Listed entries START

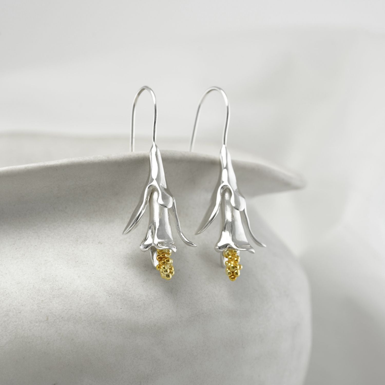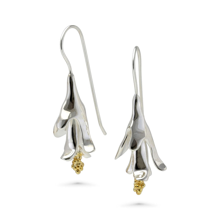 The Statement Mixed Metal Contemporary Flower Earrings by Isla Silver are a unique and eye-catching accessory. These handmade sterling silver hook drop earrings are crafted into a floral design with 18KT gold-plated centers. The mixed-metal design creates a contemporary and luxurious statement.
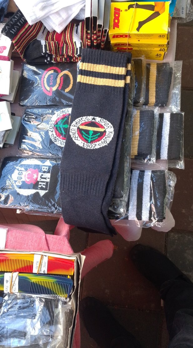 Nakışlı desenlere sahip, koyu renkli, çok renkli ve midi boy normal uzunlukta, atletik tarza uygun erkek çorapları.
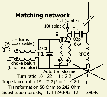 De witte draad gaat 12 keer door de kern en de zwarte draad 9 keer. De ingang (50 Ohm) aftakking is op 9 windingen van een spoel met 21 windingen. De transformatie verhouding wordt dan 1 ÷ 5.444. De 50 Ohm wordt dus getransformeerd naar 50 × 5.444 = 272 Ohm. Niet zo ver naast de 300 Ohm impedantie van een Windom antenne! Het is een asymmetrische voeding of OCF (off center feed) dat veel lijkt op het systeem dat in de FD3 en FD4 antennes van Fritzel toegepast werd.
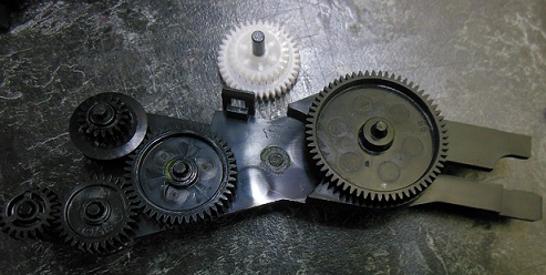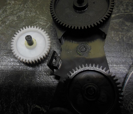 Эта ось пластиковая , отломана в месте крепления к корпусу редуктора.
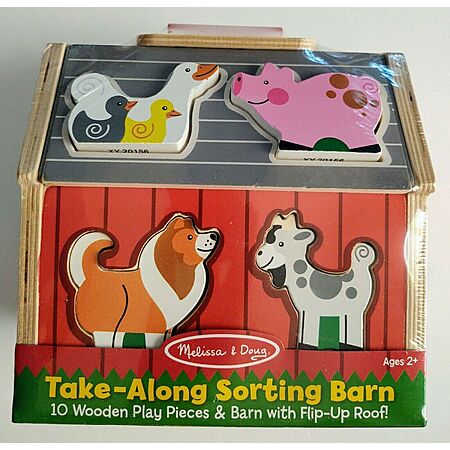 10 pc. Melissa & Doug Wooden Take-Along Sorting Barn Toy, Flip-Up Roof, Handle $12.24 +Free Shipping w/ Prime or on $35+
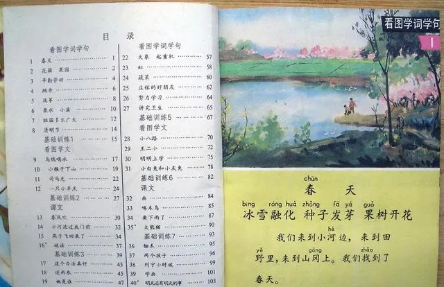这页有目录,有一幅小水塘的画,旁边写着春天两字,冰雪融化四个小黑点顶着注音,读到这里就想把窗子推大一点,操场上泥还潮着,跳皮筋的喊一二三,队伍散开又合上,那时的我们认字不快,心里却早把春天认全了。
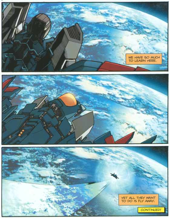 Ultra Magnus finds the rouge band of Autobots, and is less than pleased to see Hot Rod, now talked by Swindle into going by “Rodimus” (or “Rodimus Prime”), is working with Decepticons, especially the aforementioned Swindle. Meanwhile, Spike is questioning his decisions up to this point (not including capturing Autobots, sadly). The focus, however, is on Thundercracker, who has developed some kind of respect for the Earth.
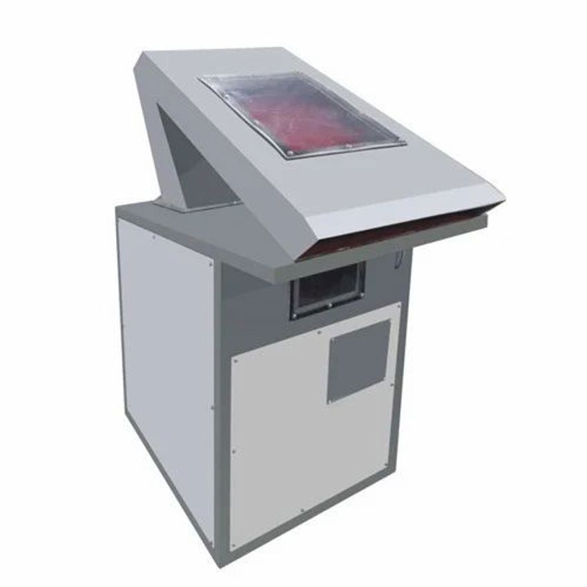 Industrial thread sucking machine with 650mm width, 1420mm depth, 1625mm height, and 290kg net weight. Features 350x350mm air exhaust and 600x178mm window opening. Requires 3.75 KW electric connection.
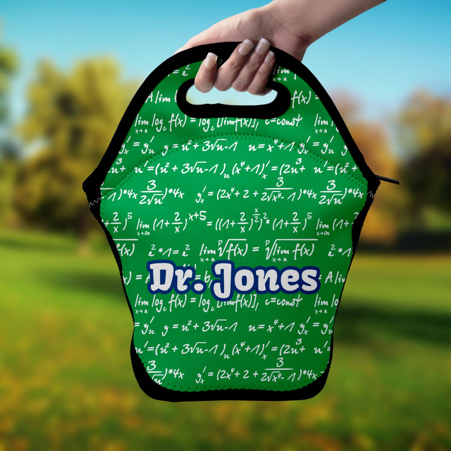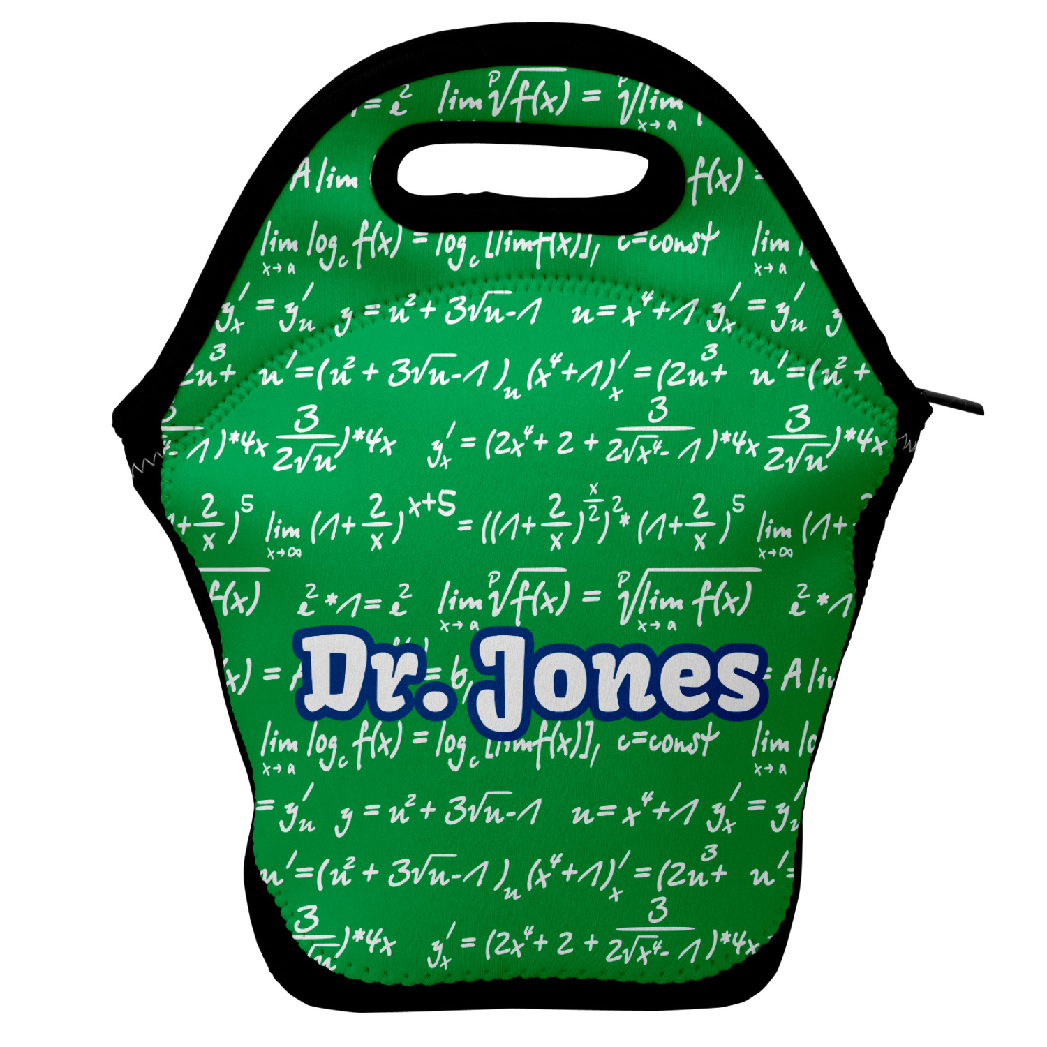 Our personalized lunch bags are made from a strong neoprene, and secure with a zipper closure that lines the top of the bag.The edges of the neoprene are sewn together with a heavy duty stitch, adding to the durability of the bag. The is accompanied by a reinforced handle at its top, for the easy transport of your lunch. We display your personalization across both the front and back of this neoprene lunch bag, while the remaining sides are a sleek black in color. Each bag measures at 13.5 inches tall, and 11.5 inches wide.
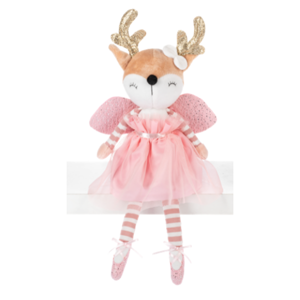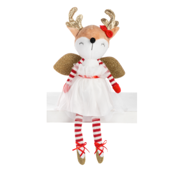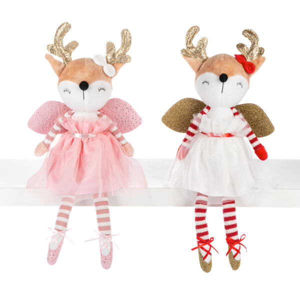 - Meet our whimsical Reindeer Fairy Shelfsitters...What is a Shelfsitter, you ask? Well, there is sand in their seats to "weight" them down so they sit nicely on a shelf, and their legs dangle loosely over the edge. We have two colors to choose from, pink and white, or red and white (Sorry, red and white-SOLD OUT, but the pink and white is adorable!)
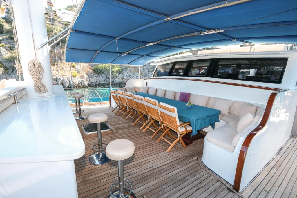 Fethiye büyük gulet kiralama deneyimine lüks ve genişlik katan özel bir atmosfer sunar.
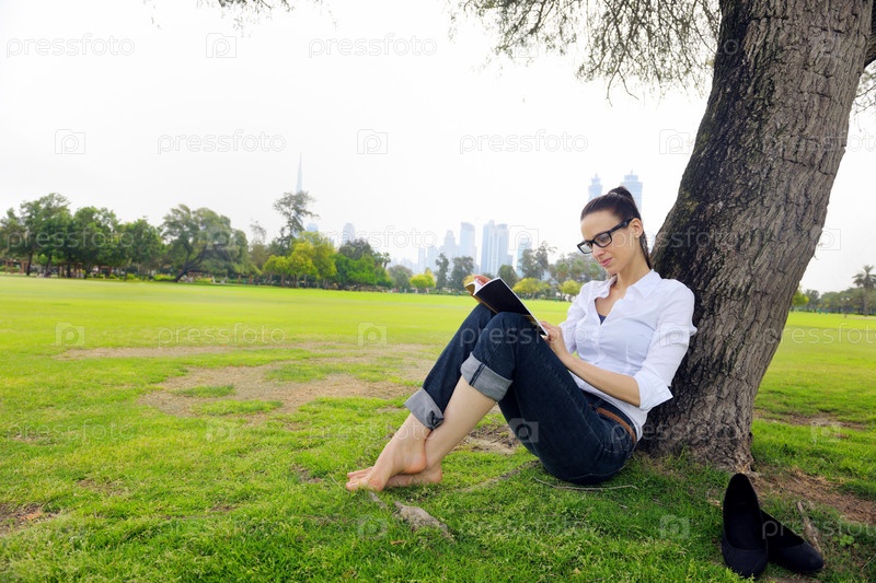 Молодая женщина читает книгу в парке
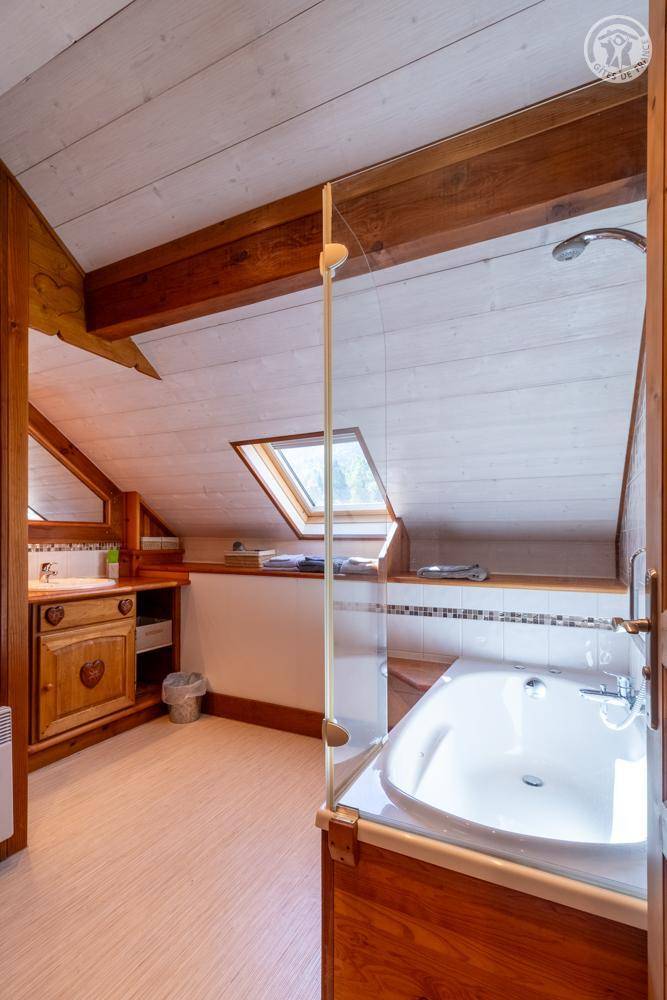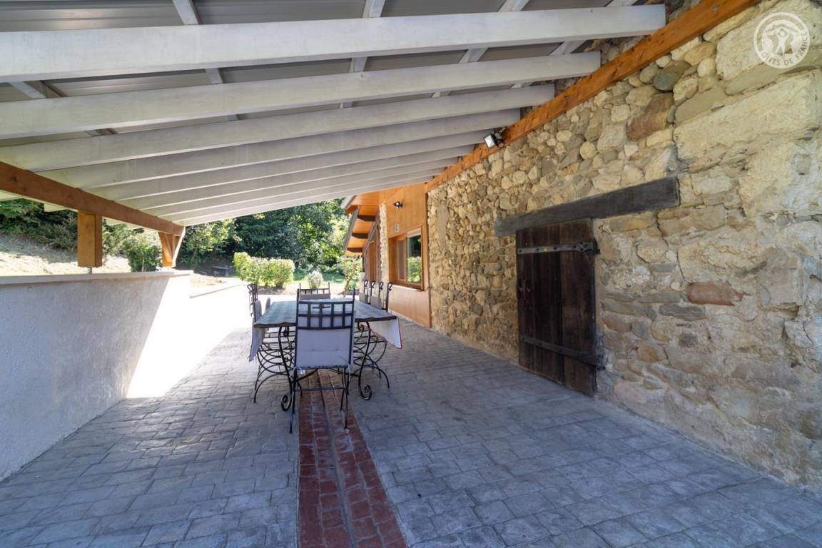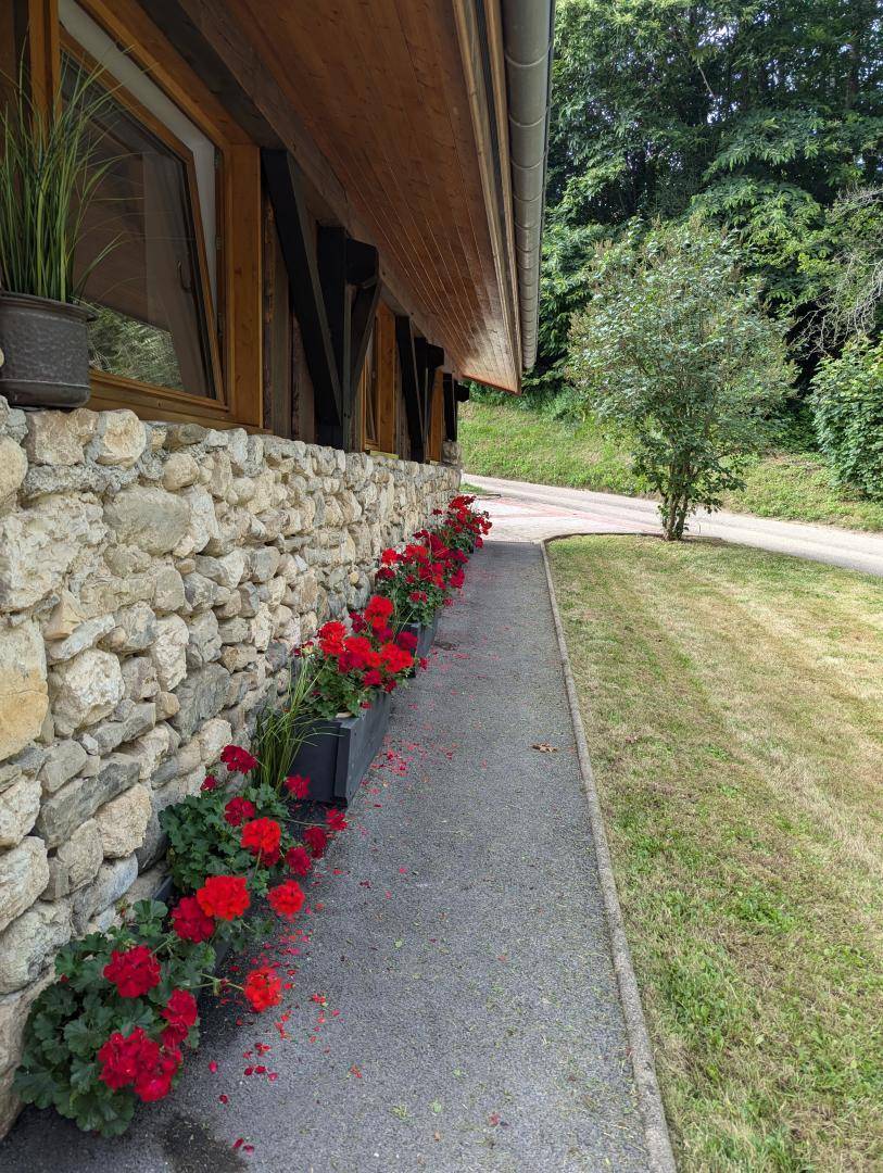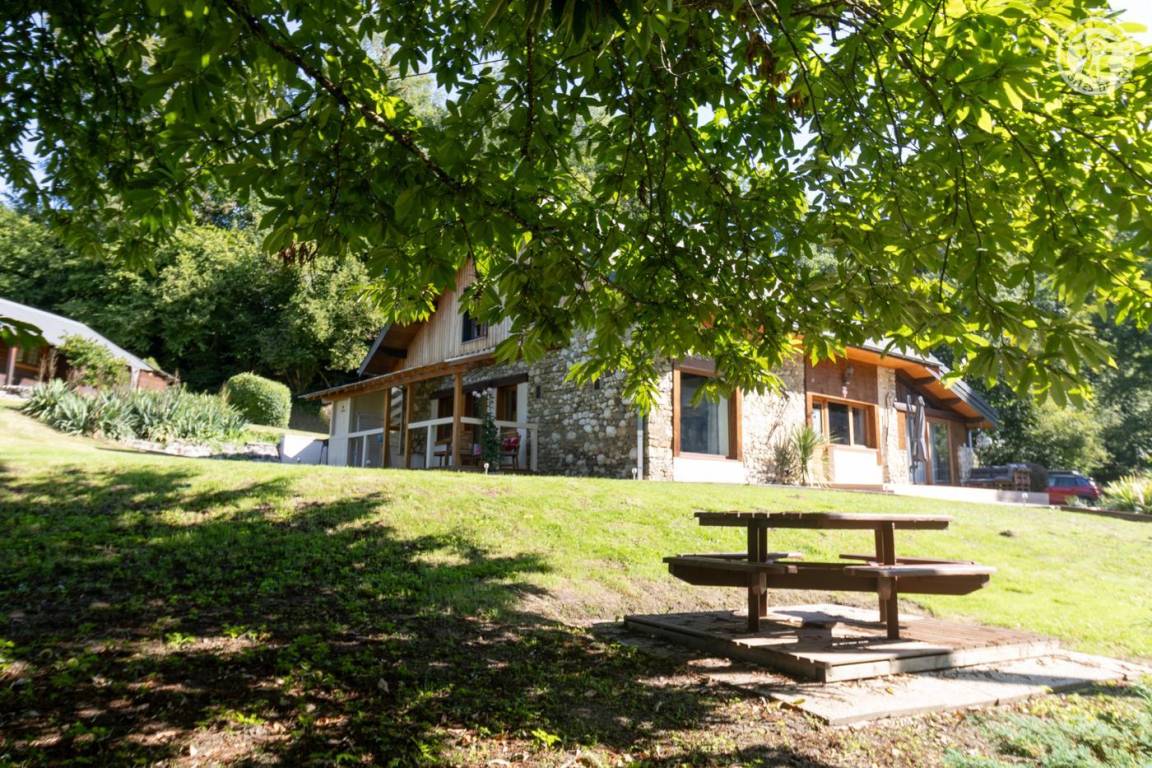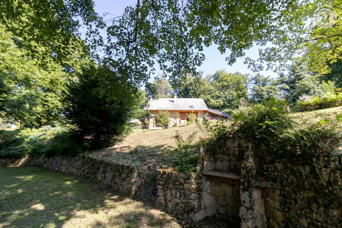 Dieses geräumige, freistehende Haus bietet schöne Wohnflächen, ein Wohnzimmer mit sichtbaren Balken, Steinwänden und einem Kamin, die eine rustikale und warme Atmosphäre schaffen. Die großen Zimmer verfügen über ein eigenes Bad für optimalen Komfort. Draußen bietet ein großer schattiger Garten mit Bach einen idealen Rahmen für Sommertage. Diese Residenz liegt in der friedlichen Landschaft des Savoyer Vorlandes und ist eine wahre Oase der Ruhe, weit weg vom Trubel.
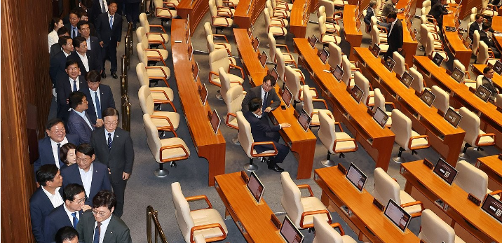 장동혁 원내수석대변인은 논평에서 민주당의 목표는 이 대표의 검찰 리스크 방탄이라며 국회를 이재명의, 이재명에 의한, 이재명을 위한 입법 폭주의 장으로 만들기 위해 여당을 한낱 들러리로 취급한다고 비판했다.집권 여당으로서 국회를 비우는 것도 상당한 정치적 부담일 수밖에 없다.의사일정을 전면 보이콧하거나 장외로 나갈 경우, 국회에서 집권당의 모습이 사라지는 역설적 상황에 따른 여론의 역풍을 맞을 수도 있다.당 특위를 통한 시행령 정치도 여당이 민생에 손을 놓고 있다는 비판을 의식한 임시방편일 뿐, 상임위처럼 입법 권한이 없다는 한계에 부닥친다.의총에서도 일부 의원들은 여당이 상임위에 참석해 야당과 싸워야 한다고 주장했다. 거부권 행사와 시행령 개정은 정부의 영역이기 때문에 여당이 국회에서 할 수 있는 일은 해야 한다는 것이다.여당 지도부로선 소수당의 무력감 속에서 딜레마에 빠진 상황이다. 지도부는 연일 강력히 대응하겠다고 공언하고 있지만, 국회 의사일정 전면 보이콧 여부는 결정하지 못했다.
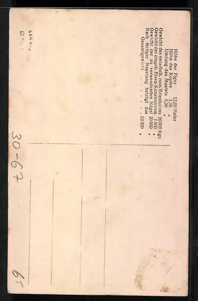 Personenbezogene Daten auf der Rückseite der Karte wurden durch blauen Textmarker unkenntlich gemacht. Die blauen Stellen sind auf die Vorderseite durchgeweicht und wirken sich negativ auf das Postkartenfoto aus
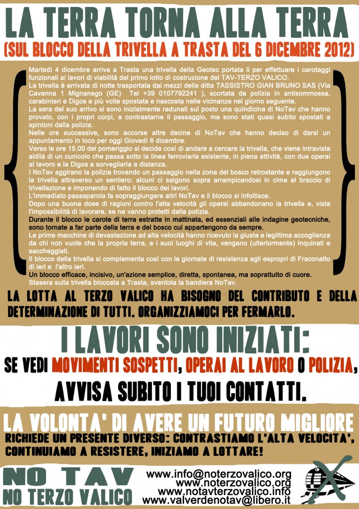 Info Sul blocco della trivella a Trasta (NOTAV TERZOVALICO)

Listed entries END

→ **Task goal**
The copy starts at the line holding "Personenbezogene Daten auf" and ends at the last line of the records above. Transcribe those lines exactly, pictures excluded.

→ **Written response**
 Personenbezogene Daten auf der Rückseite der Karte wurden durch blauen Textmarker unkenntlich gemacht. Die blauen Stellen sind auf die Vorderseite durchgeweicht und wirken sich negativ auf das Postkartenfoto aus
 Info Sul blocco della trivella a Trasta (NOTAV TERZOVALICO)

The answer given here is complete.